O Brasil foi confirmado pelo segundo ano consecutivo na nona colocação do ranking mundial de softwares e serviços. O levantamento foi divulgado na 8ª Conferência Anual da ABES (Associação Brasileira das Empresas de Software), que utilizou dados da consultora IDC no relatório.

O país fechou 2017 com um mercado que vale US$ 18,6 bilhões (ou 1,6% do total mundial) — um valor relativamente alto, que deixa o Brasil próximo da Austrália, oitava colocada, e na frente de nações como Itália e Holanda. Hoje, o setor de software representa 1,9% do PIB (Produto Interno Bruto) nacional.
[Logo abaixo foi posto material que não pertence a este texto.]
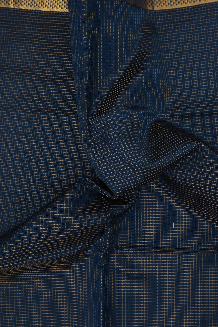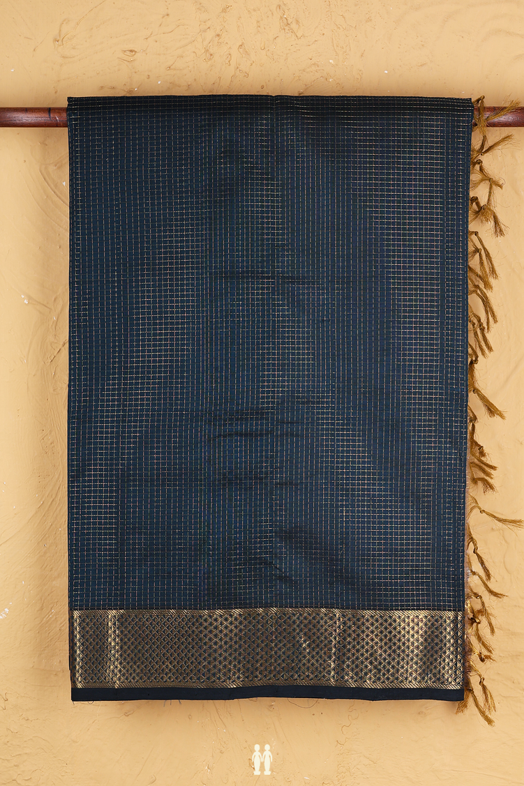 Silk Cotton Saree In Midnight Green With Checks Design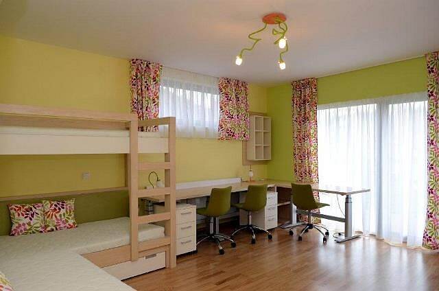 Interiér bytu s orientací na jih, východ a sever tvoří vstupní hala, prostorný obývací pokoj s moderní kuchyní se spotřebiči a jídelnou s přístupem na zahradu, 2 pokoje se vstupem na zahradu, 2 koupelny s vanou a toaletou a samostatná toaleta. Vybavení zahrnuje dřevěné podlahy, vestavěné skříně a venkovní žaluzie na elektrické ovládání. K bytu náleží 1 garážové stání a sklep.
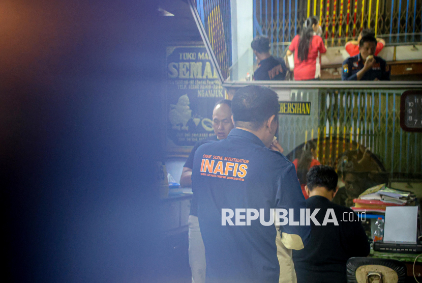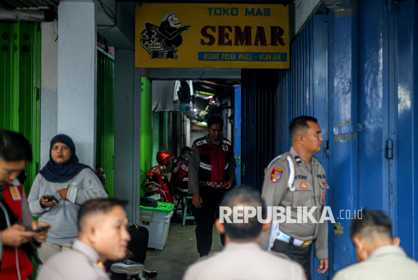 REPUBLIKA.CO.ID, NGANJUK -- Sejumlah polisi berjaga saat berlangsungnya penggeledahan di Toko Emas Semar, Nganjuk, Jawa Timur, Kamis (19/2/2026).

Todos os indicadores brasileiros aumentaram de 2016 para o ano passado, incluindo a quantidade de empresas atuando no setor: 17 mil companhias. Desse total, 49,3% são empresas consideradas micros (com 10 funcionários ou menos) e 46,2% são pequenas (de 10 a 99 empregados). Só 0,5% é considerada grande, tendo 500 ou mais colaboradores.

E só tende a crescer

"O ano de 2017 evidenciou uma retomada no crescimento do setor de TI no Brasil, após um 2016 difícil. Foi o ano do início da recuperação que esperamos continuar em 2018, com a retomada dos investimentos em tecnologia, que não podem mais ser postergados", afirma Jorge Sukarie, presidente do Conselho da ABES.

A projeção atual indica que o mercado brasileiro de tecnologia da informação crescerá 4,1% em 2018, seguindo tendências como o amadurecimento das tecnologias ligadas à Internet das Coisas e uma expansão do mercado de tablets e smartphones para o ramo corporativo, além de assuntos como Big Data/ Analytics, Cognitive/AI, cloud pública e multicloud. O estudo completo estará disponível no site da ABES a partir do dia 21 de agosto.